The study found that transplant-free survival over 15 years was similar between patients who underwent Fontan conversion and those with primary TCPC (42% vs. 47%). Even after excluding the 8% operative mortality associated with Fontan conversion, survival rates remained comparable (38% vs. 47%). Multivariable analysis revealed that neither the type of Fontan connection nor the conversion procedure itself was associated with death or the need for transplantation. Instead, the primary predictors of adverse outcomes were older age, hepatorenal dysfunction, heart failure, and elevated Fontan pressures. These comorbidities were more prevalent and severe with increasing age, suggesting that the duration of Fontan physiology is the dominant factor influencing long-term prognosis.

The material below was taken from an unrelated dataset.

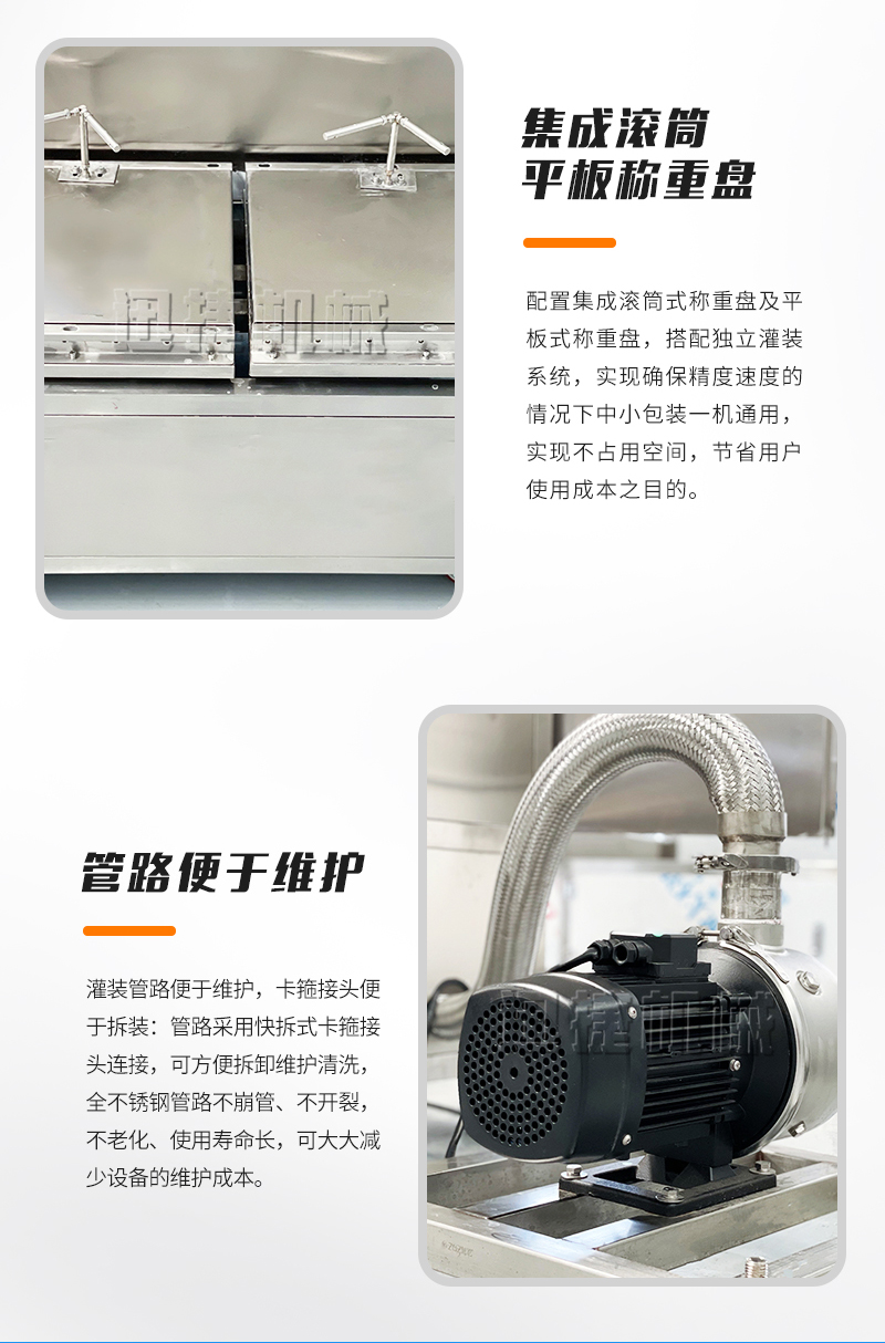 5.集成滾筒、平板稱重盤,一機(jī)多用,方便快捷:配置集成滾筒式稱重盤及平板式稱重盤,搭配獨(dú)立灌裝系統(tǒng),實(shí)現(xiàn)確保精度速度的情況下中小包裝一機(jī)通用,實(shí)現(xiàn)不占用空間,節(jié)省用戶使用成本之目的。

In summary, given the substantial operative risk and lack of survival benefit, the findings of this study suggest that Fontan conversion may not be the optimal strategy for most adults with atriopulmonary Fontan presenting with Fontan failure. End-stage organ dysfunction, heart failure, and elevated Fontan pressures are the suggested primary determinants of mortality or the need for transplantation, rather than the specific type of Fontan procedure. These factors are associated closely with patient age and the duration of Fontan physiology, and are highly relevant for clinical decision-making regarding treatment strategies for patients with failing Fontan circulation.

This clinically relevant study has already proven useful in our own practice, particularly in guiding decisions when the question of Fontan conversion has arisen. It underscores the importance of individualised risk assessment and highlights the need to weigh the long-term consequences of Fontan physiology carefully against the potential benefits of surgical intervention.